A.1.1 Champs minimaux de fichiers[]

  • fileId: DOIT. Identificateur de fichier unique (n'utilisez pas le nom de fichier comme clé unique).
  • size: DOIT. Taille en octets.
  • mime: MAI. Pour des suggestions d’affichage et de téléchargement.
  • name: MAI. Si vous souhaitez une connaissance nulle et une fuite minimale, omettez name ou stocker un nom crypté.
  • chunkCount: DOIT. Nombre de fragments pour ce fichier.
  • chunkOffset: MAI. Si plusieurs fichiers partagent un fichier global chunkIndex, un décalage est nécessaire ; sinon, il peut être omis.

A.1.2 Champs d'intégrité et de vérification (facultatif mais recommandé)

  • chunkHashes[]: DEVRAIT. Vérification par fragment (un ou une combinaison de hachage/longueur/etag).
  • fileHash: MAI. Somme de contrôle du fichier entier (vérifier après le téléchargement).
  • ciphertextLength: MAI. Vérifications de cohérence de la longueur du texte chiffré (aucun texte en clair n'est nécessaire).

A.2 Objets Chunk : contraintes minimales

  • Adressage unique : un morceau DOIT être adressable de manière unique par (transferId, fileId, chunkIndex).
  • Téléchargement idempotent : le nouveau téléchargement du même morceau NE DOIT PAS rompre l'état final (il peut être écrasé ou rejeté, mais le comportement doit être cohérent).
  • Métadonnées minimales : le serveur PEUT enregistrer uniquement la longueur du texte chiffré, l'heure d'écriture, l'étiquette/version, etc., à des fins d'observabilité et de dépannage.

A.2.1 Règle de clé d'objet (exemple)

  • /transfers/{transferId}/chunks/{fileId}/{chunkIndex}
  • /transfers/{transferId}/manifest

Contrainte : les clés d'objet DOIVENT prendre en charge le nettoyage en masse en transferId préfixe; les clés d'objet DEVRAIENT éviter de transporter des informations commerciales sensibles.

A.3 Enregistrements d'état : champs minimaux

L’État répond « progression et récupération du téléchargement/téléchargement ». Il doit être petit et rapide en lecture/écriture.

  • transferId:DOIT。
  • status: DOIT. Valeurs suggérées : UPLOADING / READY / DELETED / EXPIRED.
  • uploadedSet: DOIT. Ensemble de morceaux terminé ; DEVRAIT être compressé avec un bitmap/range-set.
  • uploadedBytes: DEVRAIT. Pour l'affichage de la progression et les contrôles de quotas (peut être dérivé de morceaux, mais sa maintenance est plus rapide).
  • downloadCount: MAI. Si vous appliquez des limites de nombre de téléchargements, ceux-ci doivent être enregistrés et mis à jour de manière atomique (les détails dépendent de votre stockage).
  • expiresAt: DEVRAIT. Pour le respect des expirations et le nettoyage en arrière-plan.

A.3.1 Résultat minimal pour une API de récupération

Pour les transferts pouvant être repris, le serveur DEVRAIT être capable de renvoyer :

  • Statut du transfert (UPLOADING/READY/DELETED/EXPIRED)
  • uploadedSet (ensemble de morceaux terminé)
  • Résumé de la politique (par exemple, dépassement du quota, expiration, si la poursuite du téléchargement est autorisée)
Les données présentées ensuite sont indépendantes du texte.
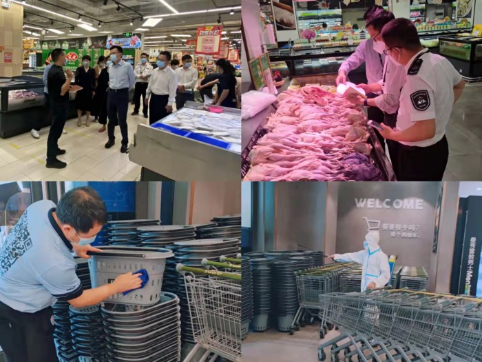 3月14日上午,工信局、市监局负责人协同龙岗区区长、副区长到店检查门店疫情防控情况及生活物资保障情况。现场询问并查看了蔬果、猪肉、大米、粮油供应情况及订货量;西乡所的所长和市监局队长也在宝安大仟里店现场询问了民生保障问题。店内物资充足、运行有序的保供工作受到认可。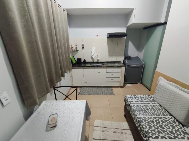 kITNET contendo sala integrada, cozinha equipada, suite, ar condicionado, ventilador de teto,TV e máquina de lavar. PRÓXIMO: Farmácia 55m, panificadora 50m, mercado 150m, bebida gelada 150m, praça p diversão 120m, Faculdade UNIRV 1,5km, Centro 4 minutos. *AMBIENTE FAMILIAR.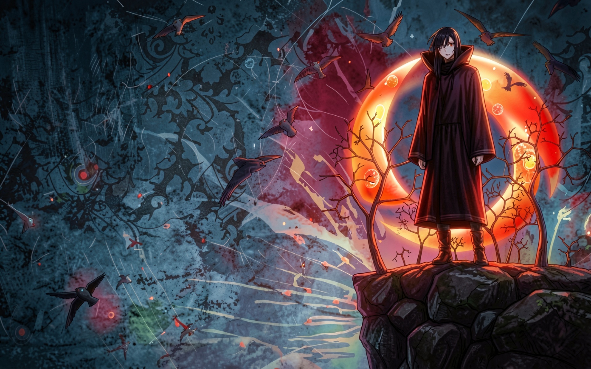 Саске Учиха в черном плаще на скале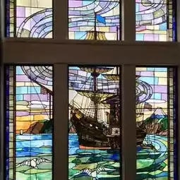 The colorful stained glass in the second floor hall and the classical interior are also must-sees.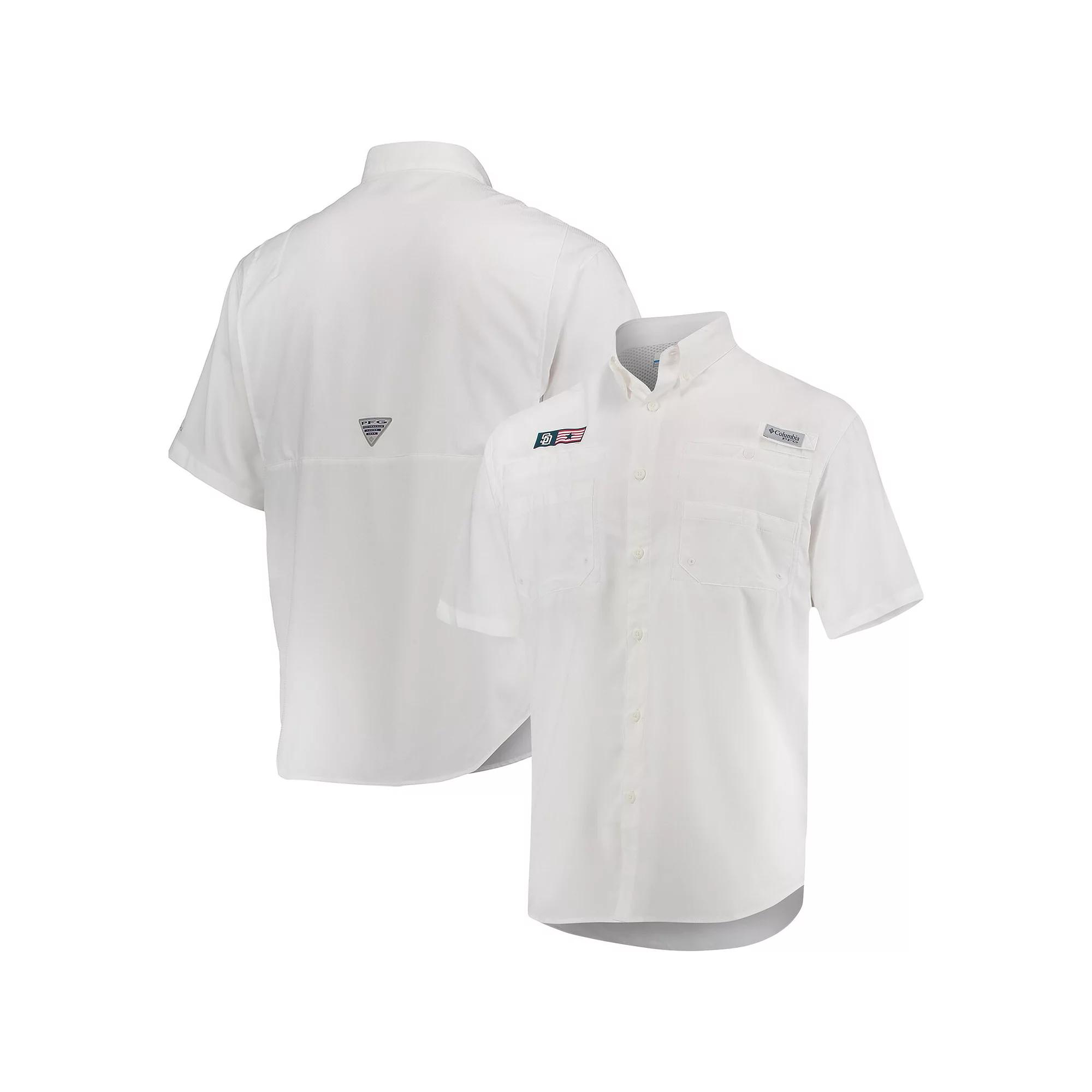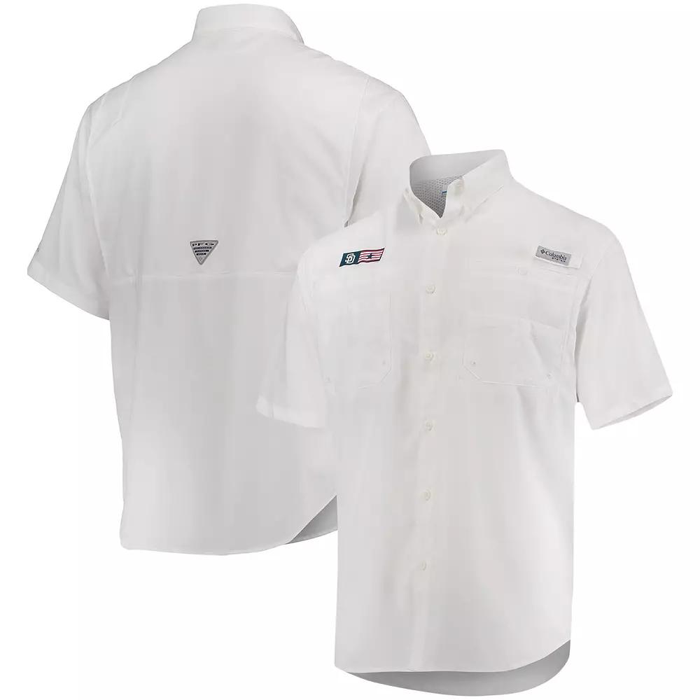 Root for the San Diego Padres with Columbia's Americana Tamiami button-down shirt. Sunny game days won't be a concern thanks to the short sleeves, lightweight material and Omni-Shade technology, which blocks UV rays. Nobody will doubt where your loyalty lies thanks to the shirt's heat-sealed San Diego Padres graphics.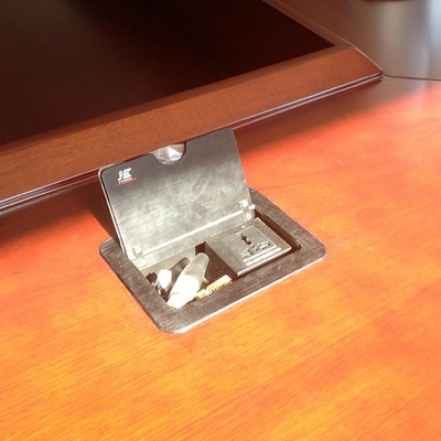 JS-4系列可藏式接線盒提供了一個(gè)整潔、緊湊、簡(jiǎn)單的鏈接解決方案。4系列接線盒使用時(shí)只需掀起內(nèi)面板,隱藏在內(nèi)的線纜展露出來(lái),抽拉出線纜連接號(hào)誰(shuí)被后即可使用,使用完畢后把線纜放回盒內(nèi),閉合面板,各種接口隱藏起來(lái),隱藏后的接線盒與平臺(tái)保持水平。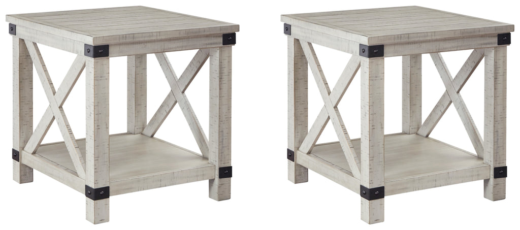 Sporting a distressed whitewash finish, this end table set is rustic farmhouse living at its best. Crossbuck styling adds striking flair. Metal industrial brackets incorporate an industrial twist.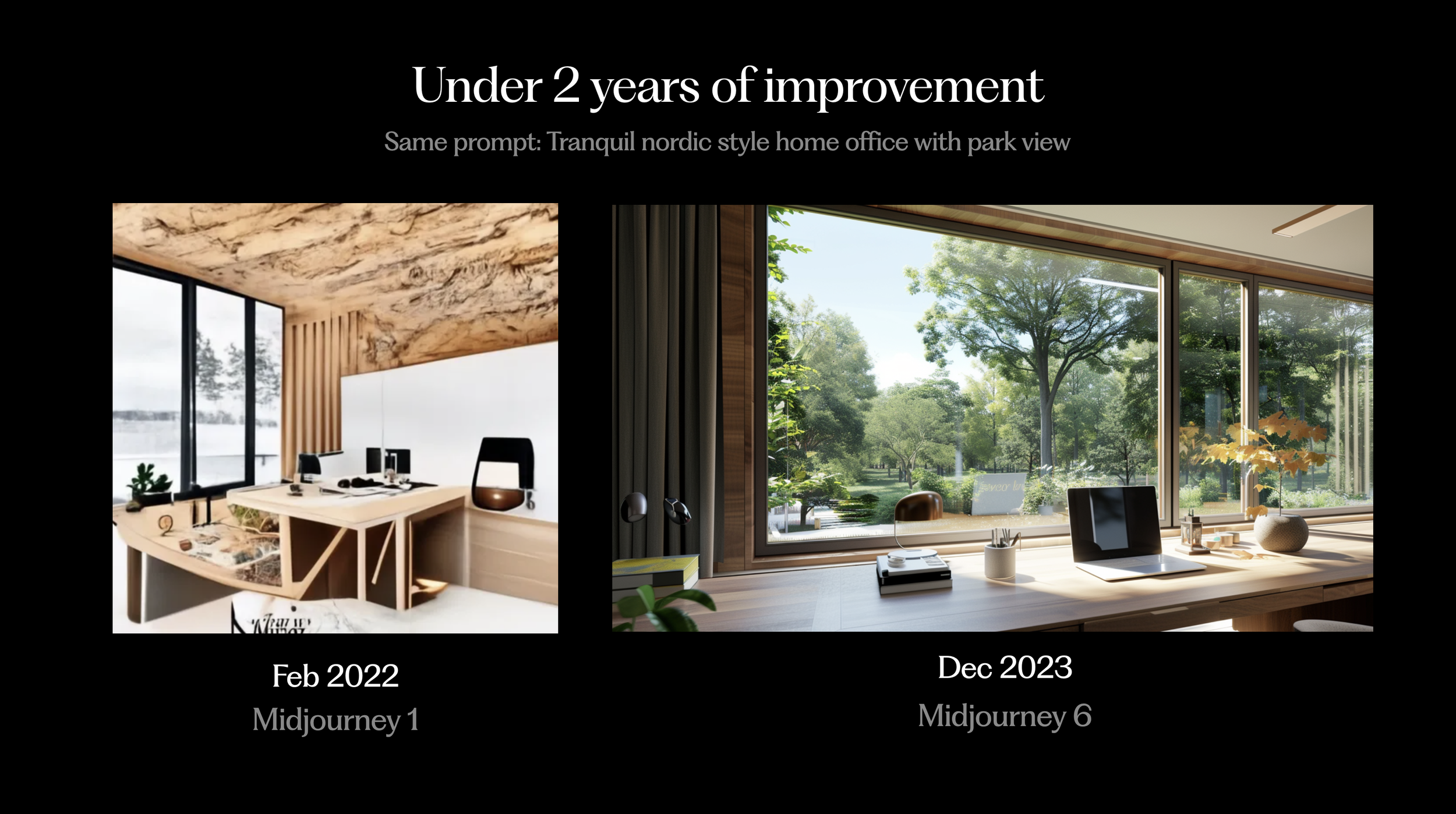 In the images below, you can see an image of a “tranquil Nordic style home office with park view” from Midjourney V1 in February 2022 and V6 in December 2023.

Remarque : limite par rapport au livre blanc sur la sécurité et la confidentialité

  • Cette annexe décrit uniquement les « structures et contraintes » nécessaires au transfert/stockage.
  • Pour les champs de chiffrement, la manière dont les éléments de clé sont transportés/dérivés et le comportement de fermeture en cas d'échec d'authentification, reportez-vous au livre blanc sur la sécurité et la confidentialité.